With only a semester of college remaining, Call gave in to his own fight with paranoid schizophrenia and simply walked out on his life. Overwhelmed by the voices in his head, he began wandering the country, drifting in and out of sanity. Amazingly, after twenty years of searching, Rebecca found her brother alive, but not well...A Sister's Call chronicles Rebecca's heroic mission to bring her brother back from the depths of homelessness and schizophrenia all while seeking a way to heal herself and her family from the tragedies of her past.
Spencer Watson from SYNC Magazine said, "It is in turns heartwarming and heartbreaking. Rarely are conversations on camera so real." The project is also being lauded by those involved with treating mental illness. Greg Wright from Social Workers Speak says, "The films is a roller-coaster ride...shows the travails people who have mental illness and their caretakers experience." A Sister's Call is being distributed on the Pivotshare digital media platform and may be purchased and viewed at https://asisterscall.pivotshare.com.
About Kartemquin Films
In 1966, Kartemquin Films began making documentaries that examine and critique society through the stories of real people. Their documentaries, such asThe Interrupters, Hoop Dreams and The New Americans, are among the most acclaimed of all time, leaving a lasting impact on millions of viewers.

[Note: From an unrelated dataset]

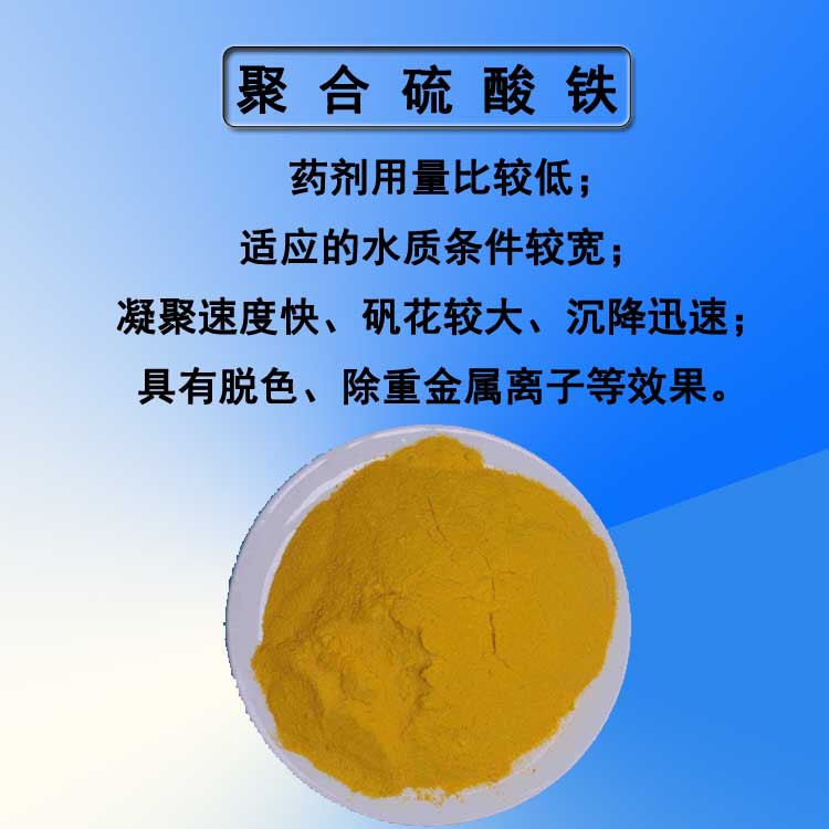 新型高效絮凝水处理剂。聚合硫酸铁应用于环保、工业废水的处理,使用方法与制水厂大体相同,对高色度、高COD、BOD的原水处理,辅以助剂作用效果甚佳。是一种新型高效的絮凝剂。主要用于生活饮用水及工业用水的净化,也可对各种工业废水和城市污水(如食品、皮革、矿山、冶金、印染、造纸、石油等废水)进行净化处理。

Most recently, As Goes Janesville, a co-production with 371 Productions, aired on PBS Independent Lens, and will be released on DVD in January. In 2013, they expect to have their busiest year yet, with releases including The Trials of Muhammad Ali, Cooked, and Life Itself, about film critic Roger Ebert.
Kartemquin Films is a home for independent media makers who seek to create social change through film. With a noted tradition of nurturing emerging talent and acting as a leading voice for independent media, Kartemquin is building on over 45 years of being Chicago's documentary powerhouse. Kartemquin is a 501(c) 3 non-profit organization.